Entanglement is a feature of quantum mechanics that allows particles to be correlated in ways that are not possible in classical physics. If two particles are entangled, then we can determine the properties of one by making a measurement on the other, no matter how far apart they are. For instance, photons can be entangled so that if one photon is vertically polarized, the other will always be horizontally polarized, and vice versa.

Physicists routinely entangle pairs of photons using a technique called ‘parametric down-conversion’. By shining a laser on a crystal with nonlinear optical properties, one photon can be "split" into two entangled photons. Now, Aephraim Steinberg and co-workers at the University of Toronto and Anton Zeilinger and colleagues at the University of Vienna have used this principle -- but different experimental techniques -- to produce entangled states of three and four photons respectively.
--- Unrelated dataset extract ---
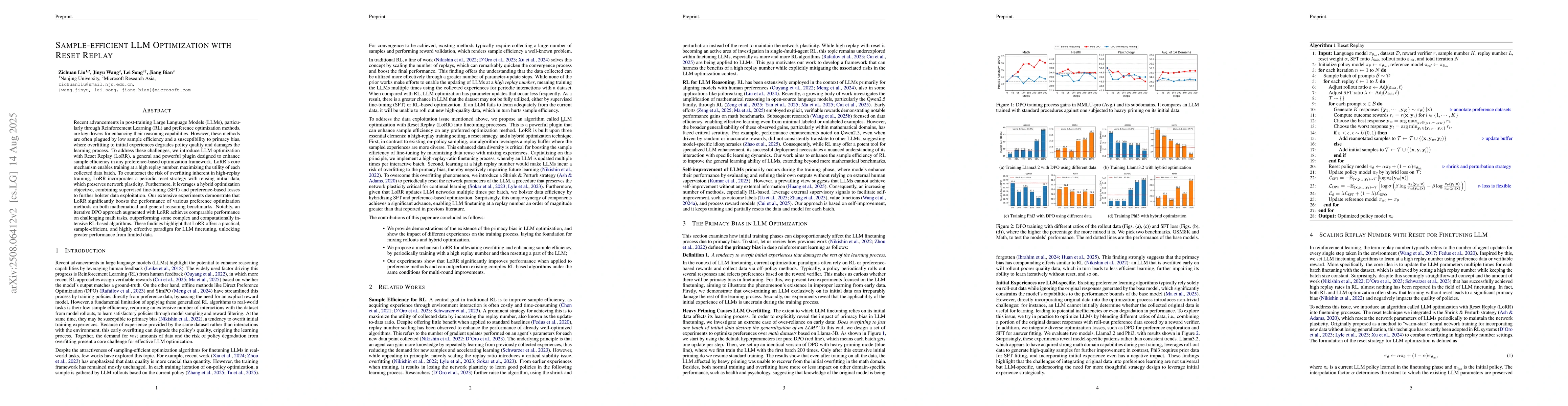 Recent advancements in post-training Large Language Models (LLMs), particularly through Reinforcement Learning (RL) and preference optimization methods, are key drivers for enhancing their reasoning capabilities. However, these methods are often plagued by low sample efficiency and a susceptibility to primacy bias, where overfitting to initial experiences degrades policy quality and damages the learning process. To address these challenges, we introduce LLM optimization with Reset Replay (LoRR), a general and powerful plugin designed to enhance sample efficiency in any preference-based optimization framework. LoRR core mechanism enables training at a high replay number, maximizing the utility of each collected data batch. To counteract the risk of overfitting inherent in high-replay training, LoRR incorporates a periodic reset strategy with reusing initial data, which preserves network plasticity. Furthermore, it leverages a hybrid optimization objective, combining supervised fine-tuning (SFT) and preference-based losses to further bolster data exploitation. Our extensive experiments demonstrate that LoRR significantly boosts the performance of various preference optimization methods on both mathematical and general reasoning benchmarks. Notably, an iterative DPO approach augmented with LoRR achieves comparable performance on challenging math tasks, outperforming some complex and computationally intensive RL-based algorithms. These findings highlight that LoRR offers a practical, sample-efficient, and highly effective paradigm for LLM finetuning, unlocking greater performance from limited data.

These states have wavelengths of λ/N, where λ is the wavelength of a single photon and N is the number of entangled photons. Both teams say that their schemes are, in principle, extendable to higher values of N.

These results could, for example, lead to faster computer chips. Transistors and other features in chips are made using optical lithography, where light etches out patterns on a photosensitive substrate on silicon. The minimum feature size possible is approximately equal to the wavelength of the light used. This is the "diffraction limit". By using entangled photons it could be therefore be possible to significantly reduce the minimum feature size.